DatumWriter<SensorData> sensorDataDatumWriter = new SpecificDatumWriter<SensorData>(SensorData.class);
DataFileWriter<SensorData> dataFileWriter = new DataFileWriter<SensorData>(sensorDataDatumWriter);

dataFileWriter.create(sensorData1.getSchema(), new File("sensordata.avro"));
dataFileWriter.append(sensorData1);
dataFileWriter.append(sensorData2);
dataFileWriter.append(sensorData3);
dataFileWriter.close();
  • DatumWriter Creation: The code initialises a DatumWriter for the SensorData class. In this case, the SpecificDatumWriter is used, which is suitable for generated classes. This class automatically extracts the schema from the specified generated type (SensorData).
  • DataFileWriter Creation: A DataFileWriter is created using the previously initialised DatumWriter. This writer is responsible for converting Java objects into an in-memory serialised format and writing the serialised records, along with the schema, to a specified Avro data file.
  • File Initialisation: The create method is invoked on the DataFileWriter to initialise the Avro data file named sensordata.avro.
  • Record Appending: Instances of the SensorData class are sequentially appended to the Avro data file using the append method. This step serialises the user objects and writes them, along with their schema, to the Avro data file.
  • File Closure: To complete the serialisation process, the close method is called on the DataFileWriter.
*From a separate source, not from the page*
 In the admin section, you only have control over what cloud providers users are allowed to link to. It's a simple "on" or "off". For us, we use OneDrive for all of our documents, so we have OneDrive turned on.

This ensures that any buffered data is flushed to the file, and the file is properly closed.

Step 6: Deserialisation of Object using Avro Schema

In the provided Java code, we utilise Apache Avro to deserialise instances of the SensorData class from an Avro data file.
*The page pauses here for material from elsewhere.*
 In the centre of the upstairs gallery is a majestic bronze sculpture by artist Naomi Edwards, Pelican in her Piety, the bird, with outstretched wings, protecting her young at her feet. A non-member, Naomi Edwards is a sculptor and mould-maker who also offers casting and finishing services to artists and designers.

DatumReader<SensorData> sensorDataDatumReader = new SpecificDatumReader<SensorData>(SensorData.class);
DataFileReader<SensorData> dataFileReader = new DataFileReader<SensorData>(new File("sensordata.avro"), sensorDataDatumReader);
SensorData sensorData = null;
while (dataFileReader.hasNext()) {
    sensorData = dataFileReader.next(sensorData);
    System.out.println(sensorData);
}
  • DatumReader Creation: The code initialises a DatumReader for the SensorData class. Here, the SpecificDatumReader is used, which is designed for use with generated classes. This reader automatically extracts the schema from the specified generated type (SensorData).
  • DataFileReader Creation: A DataFileReader for the SensorData class is created using the previously initialised DatumReader. The Avro data file sensordata.avro is specified as part of the constructor. This reader is responsible for reading serialised records and their schema from the Avro data file.
  • SensorData Deserialisation: The code enters a loop that iterates through the Avro data file using the hasNext method. Within the loop, each iteration reads the next serialised SensorData instance from the file using the next method.
  • Display Data: The deserialised SensorData instance is printed to the console using System.out.println(sensorData). This step demonstrates the successful deserialisation of the Avro data.

Source Code

The source code for this example can be found on GitHub.

Conclusion

Finally, the step-by-step guide of Apache Avro has unveiled a robust framework for efficient data serialisation and deserialisation in Java.

Armed with a deeper understanding of Avro schemas and practical examples, you now possess the tools to optimise data processing and ensure seamless interoperability in their projects.